The collaborative economy is developing rapidly. The take up of collaborative business models has been particularly widespread in certain sectors, such as transport, accommodation and professional services, but is growing across the whole economy.


The collaborative economy creates new opportunities for services providers, innovative entrepreneurs and existing companies. It leads to greater choice for consumers, and often lower prices in the market. It can also contribute to increasing economic, social and environmental value of idle assets and resources, and increasing employment through more flexible job schedules. In some cases, the emergence of new business models impacts existing markets, creating tensions with existing goods and services providers. In part this stems from uncertainty relating to applicable regulation, e.g. on licensing, consumer protection, taxation, social security and employment models.
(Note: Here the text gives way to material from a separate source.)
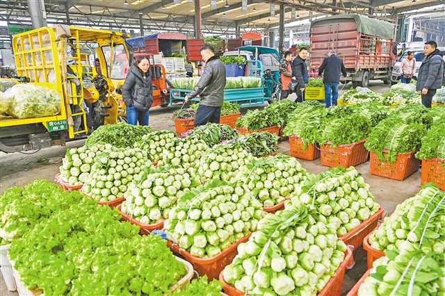 12月28日,重慶雙福國際農(nóng)貿(mào)城,客商正在轉(zhuǎn)運蔬菜。

Some Member States and local authorities have begun to react to the regulatory challenges posed by the collaborative economy in a varied and often ad hoc way, thus risking the creation of an uneven playing field for companies across different Member States or across regions within the same Member State. The Commission has already received a number of complaints in relation to regulatory measures taken in some Member States.

A clear and adequate regulatory environment is essential to ensure that the benefits of the collaborative economy fully materialise. Divergent approaches and hasty regulatory responses may lead to the fragmentation of the Single Market and to the under-exploitation of the opportunities that the collaborative economy offers to entrepreneurs and consumers in the EU.